En el estado de Yoga Samadhi, el mas alto estado de integración mental, no debe haber separación entre el que medita, el objeto de la meditación y la meditación en si. “En este sentido la danza es una forma de yoga donde uno puede lograr el estado final de absorción total y no-dualidad y a través este estado es posible sobrepasar la dualidad entre el actor y el testigo, el bailarín performante y el publico” (Roxanne Gupta. The yoga of Indian classical dance. Inner traditions 2000)

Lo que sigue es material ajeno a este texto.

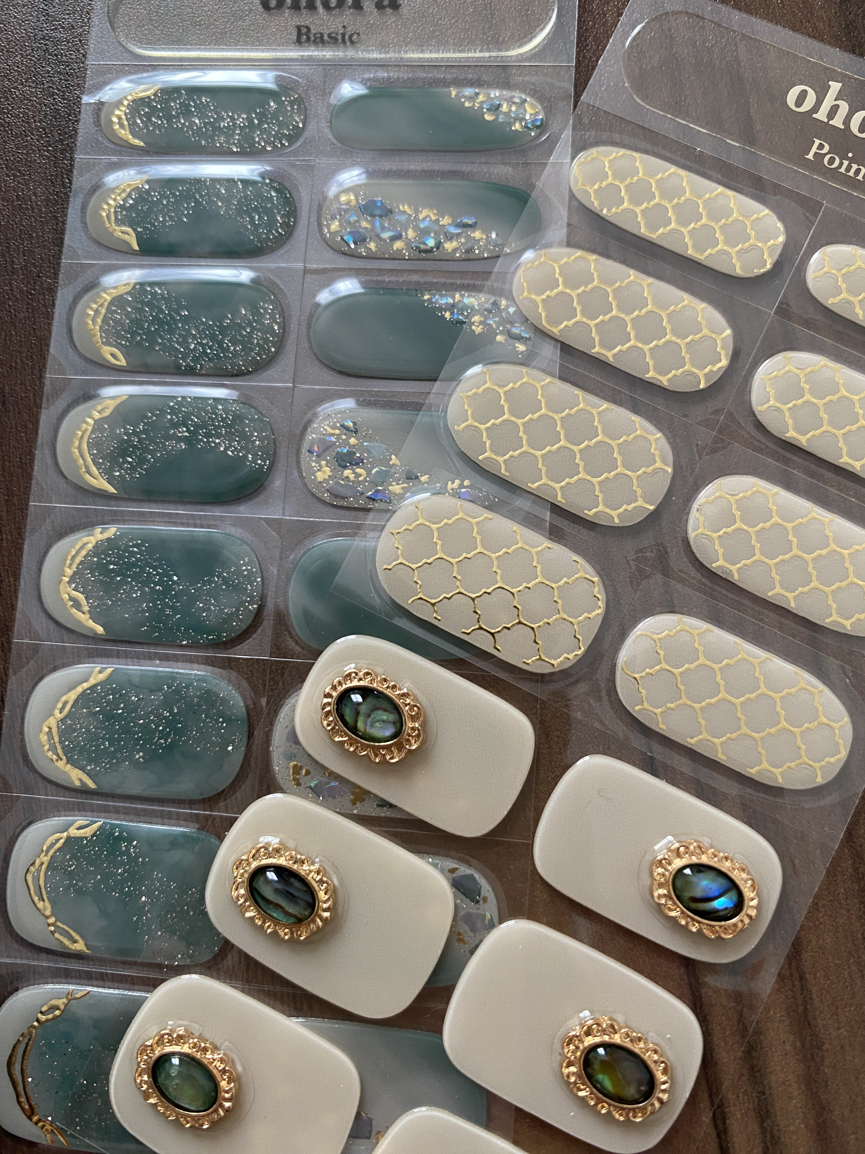 4種類も違うデザインがはいってて めちゃくちゃオシャレ💅˗ˋˏ ♡ ˎˊ˗ 美のエネルギーあふれるパワーストーンネイル。鮮やかで透明感のある天然石を集めたようなカラーリングが魅力。 パワーストーンのように指先のお守りとなるネイル。組み合わせや並べ方をいろいろ楽しめ、おしゃれの幅を広げます。

La danza es por excelencia, una actividad devocional purificadora, en la danza como en el yoga se experimenta la disciplina, la perseverancia a través del esfuerzo constante, repetido esfuerzo y discernimiento entre el fenómeno objetivo y la energía subjetiva, sutil, “espiritual no manifestada”. Se trabaja constantemente con las fuerzas invisibles, transformando el contraste de la dualidad hacia la unidad. Como en el Hatha Yoga, uno comienza con lo más básico de la mecánica del cuerpo y gradualmente se mueve hacia los aspectos más sutiles del arte.

Otra importante similaridad entre la danza y el Yoga es que también ayuda en la experiencia de “suspender los automatismos de la mente” (Yoga chitta vrittis nirodha. Patanjali Yoga Sutra. PYS 1:2) a través de una práctica regular se desvía la mente de las atracciones mundanas y se enfoca de nuevo en su propia naturaleza.
Yoga danza es sublimidad de la acción, penetrando el espacio sagrado de las experiencias extracotidianas, lo que significa entrar en tu cuerpo y en el espacio con la consciencia y la comprensión espiritual.